Well, then keep on reading! Here, we’ll go over each step to quickly and practically convert your application into an effective monitoring system.
Context
With any software, it is essential to know what’s happening at all times and to quickly detect when and why something isn’t working correctly. In both desktop applications and monolithic architectures, the process has always been as “simple” as checking a console or log file. But things began to get complicated with service-oriented architecture, since we had to carry out this task for each of the services that makes it up. For microservices architecture, the problem is caused by the ephemerality, scalability and modularity aspects. This is why a centralized system with which you can collect, analyze and relate data from the system is key. It allows us to interpret the operation or status of our application and makes it easier to detect errors.
Concepts
We’ll start with reviewing some important concepts:
The difference between Observability and Monitoring
I’m sure you’ve heard of both concepts, but a lot of people don’t really know the differences. Here are some of the nuances:
Observability: According to Wikipedia, it can be defined as: “a measure of how well internal states of a system can be inferred from knowledge of its external outputs.”
Monitoring: The action of following these signals or external outputs to evaluate the state or health of a system.
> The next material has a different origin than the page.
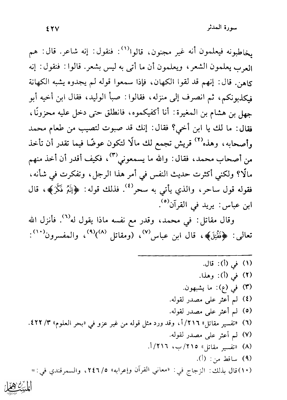(¬9) "معاني القرآن وإعرابه" 5/ 247 بنصه.

They may seem similar, but we can see the differences more clearly with an analogy. Let’s say that it’s related to medicine and a patient (observable system) doesn’t tell their doctor (monitoring system) about their symptoms, diet, or behavior (signs or external outputs). That makes it difficult for the doctor to diagnose the patient’s problems effectively.
“Monitoring tells you if the system is working. Observability allows you to ask why it’s not working.”
-Baron Schwartz
The three pillars of observability
As you can probably tell, our systems need to have a sufficient level of observability. Next, we’ll quickly go over the main signals used:
Logs
Temporary records of events. The basic traceability component of a system, which allows the information, states, and context values of a given moment to be stored in a file.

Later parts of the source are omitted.